- **Exercise**: In the material below, find the span from the line with "国标304 316不锈钢膨胀螺丝螺栓加长拉爆膨胀管钉外管M6M8M10 201" to the line with "A heart-shaped pool" and transcribe only those lines, exactly, ends included, without the pictures.

- **Task input**:

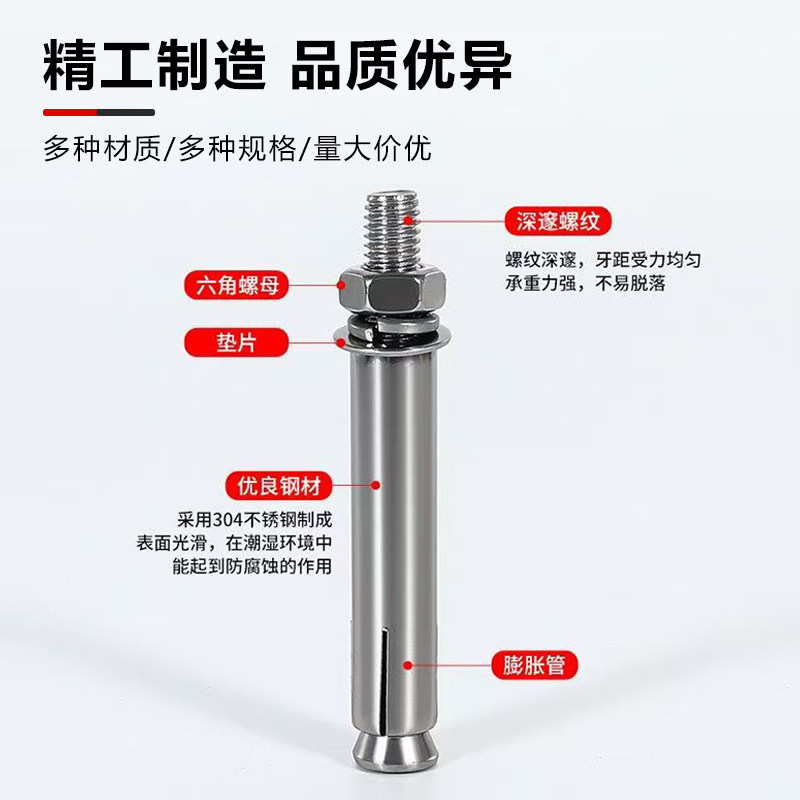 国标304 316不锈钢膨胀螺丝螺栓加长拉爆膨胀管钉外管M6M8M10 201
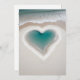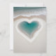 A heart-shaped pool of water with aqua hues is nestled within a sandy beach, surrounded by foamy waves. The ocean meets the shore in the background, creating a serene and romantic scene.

...

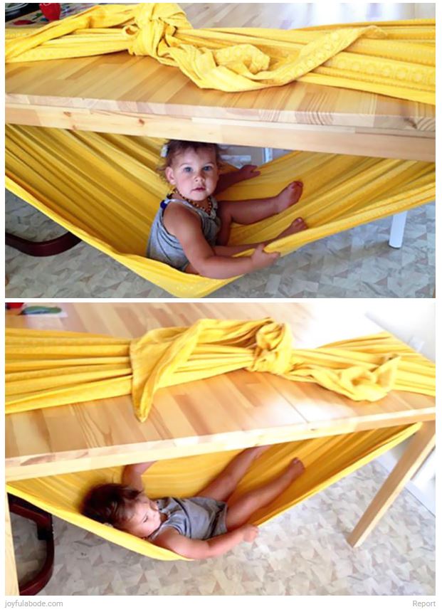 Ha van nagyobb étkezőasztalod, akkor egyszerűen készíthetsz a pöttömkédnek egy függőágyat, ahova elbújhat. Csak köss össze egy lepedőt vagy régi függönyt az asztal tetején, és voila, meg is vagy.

- **The completed task**:
 国标304 316不锈钢膨胀螺丝螺栓加长拉爆膨胀管钉外管M6M8M10 201
 A heart-shaped pool of water with aqua hues is nestled within a sandy beach, surrounded by foamy waves. The ocean meets the shore in the background, creating a serene and romantic scene.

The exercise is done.